Vergennes transmit simplement la lettre de Dumas au maréchal de Castries le 28 novembre 1783.

On commença pourtant à s’inquiéter de ces projets parce qu’on craignait que les Anglais cherchassent à s’établir à Madagascar. D’après des rapports évidemment exagérés, on crut un moment que Benyowszky était parti d’Angleterre avec cinq vaisseaux et un grand nombre de volontaires européens dont une quarantaine de Français. On disait qu’il allait fonder une colonie à Madagascar, sous le pavillon de l’empereur d’Allemagne ; mais cela paraissait peu vraisemblable : on croyait que ces prétextes déguisaient l’action du gouvernement anglais. Des ordres furent en conséquence envoyés au gouverneur des îles de France et de Bourbon. On lui recommanda de ne se livrer à aucune hostilité contre les compagnons de Benyowszky, mais d’entrer en rapport avec lui, de savoir à quel titre il fondait une colonie dans l’île et, cependant, de l’obliger à ne pas s’installer sur la côte orientale où étaient nos comptoirs et à ne pas troubler nos traites.

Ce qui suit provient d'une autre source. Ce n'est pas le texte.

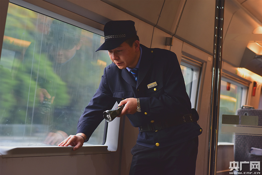 在萬州北站站臺(tái)上,薛稀吉日拿著攝像手電筒,仔細(xì)檢查車體外觀的每個(gè)關(guān)鍵部位,有時(shí)候還會(huì)稍作停頓,手指口呼確認(rèn)狀態(tài)。他介紹到這是巡檢過程中的重要標(biāo)準(zhǔn),檢查動(dòng)車組重要部件時(shí)必須做到“必指、必呼、必看”,手指關(guān)鍵部位、口呼部件名稱及狀態(tài)、眼看部件狀態(tài),確!笆值、眼到、心到”,確保不漏看、不錯(cuò)看。

En réalité, Benyowszky n’avait rien obtenu du gouvernement britannique, auquel il avait essayé de faire agréer ses plans. Il avait lié connaissance avec un certain Magellan, qui, né à Talavera en 1723, avait séjourné en France, avait émigré en Angleterre en 1764 et faisait partie de la Société royale de Londres où ses travaux sur les appareils de physique astronomique l’avaient fait admettre. Ce Magellan, sans doute assez naïf, se laissa duper par Benyowszky, qui était en 1784 en pleine possession de son rôle d’Ampansacabé auquel il ne paraît avoir donné la dernière perfection qu’à cette époque. Il lui prêta de l’argent, reçut en dépôt ses papiers et ses mémoires et fut l’un des organisateurs de l’association que le baron cherchait à former.

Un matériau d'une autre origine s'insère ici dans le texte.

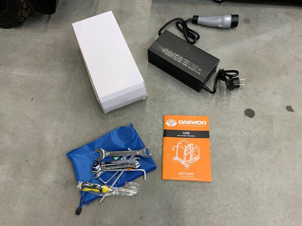 Brand: Daewoo Type: DAS100 Serial number: 22DW02053ALE0100007 Year of construction: 2025 Fuel: Electric Reading operating hours: 1 h Machine weight: 780 kg Battery capacity: 48V/100AH 4 pieces
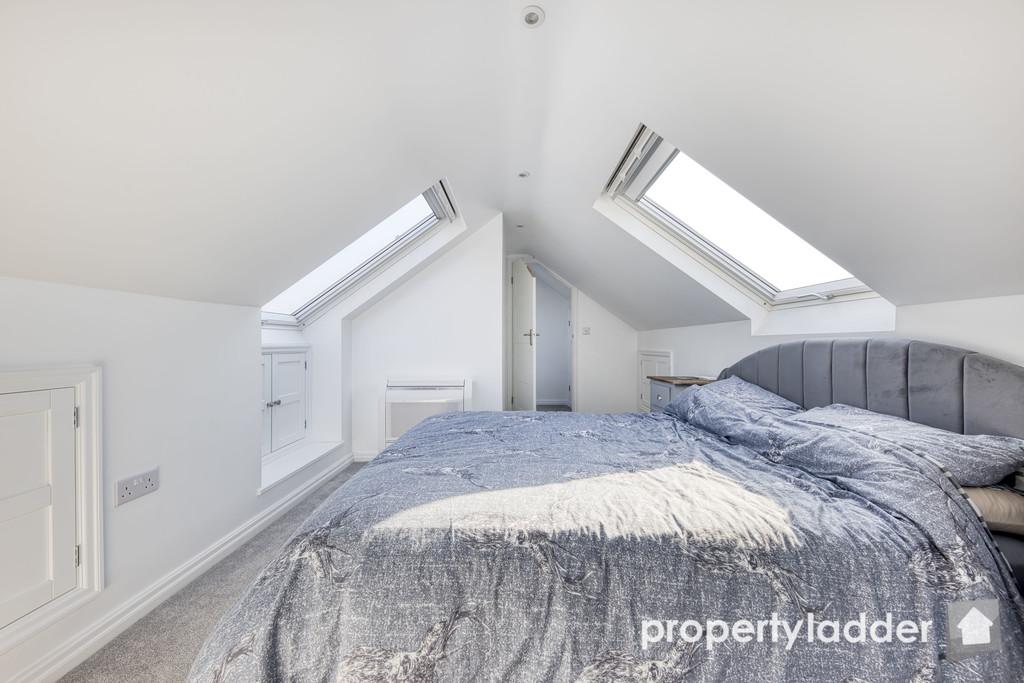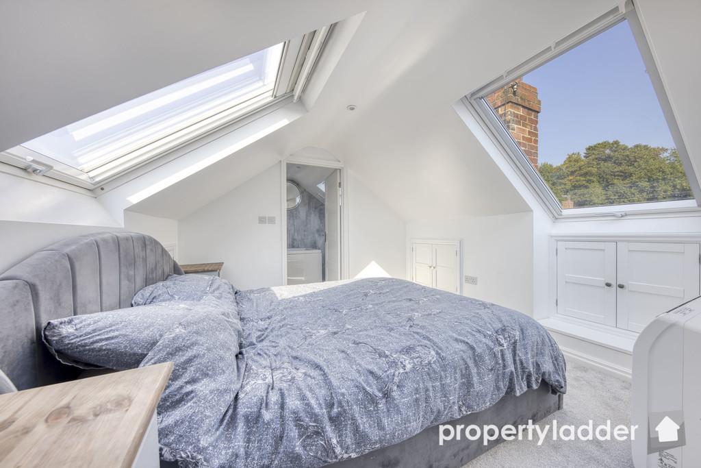 Bedroom 1: 4.35m max x 2.97m. A light airy space with access to eaves storage, velux windows and door to:

N’ayant pas trouvé en Angleterre tout l’argent nécessaire, Benyowszky, dont nous ne tarderons pas à comprendre les véritables projets, passa en Amérique avec quelques associés, pour compléter ses fonds et organiser son expédition (mai 1784). Voici la relation que donne de ses démarches le capitaine Paschke, chevalier de l’ordre de Cincinnatus, capitaine de cavalerie dans l’armée des États-Unis et l’un des associés :

« Les propositions du comte d’ériger une société de commerce à Madagascar ayant été rejetées par les cours de Versailles et de Londres, il trouva moyen de s’associer avec des particuliers qui étaient entre autres : M. Petit, le fils, le colonel Eissen, M. de Magellan, le capitaine Graterol, Brossard, les deux frères Texier, Curtal et Hinsky, tous de différentes nations. Cette association se fit à Londres, mais comme les fonds qu’on avait d’abord destinés à l’établissement se trouvaient n’être pas suffisants, la plupart des entrepreneurs nommés ci-dessus s’embarquèrent en mai 1784 pour l’Amérique septentrionale d’où l’expédition s’est faite, afin d’y voir par eux-mêmes. Les propositions paraissaient si avantageuses que le nombre des associés fut augmenté par MM. Zollichofer et Meissonier, commerçants à Baltimore, le baron d’Adelsheim, le major Collerus, MM. Benfoglioli, Sandoz, Luigini, Michel et moi. »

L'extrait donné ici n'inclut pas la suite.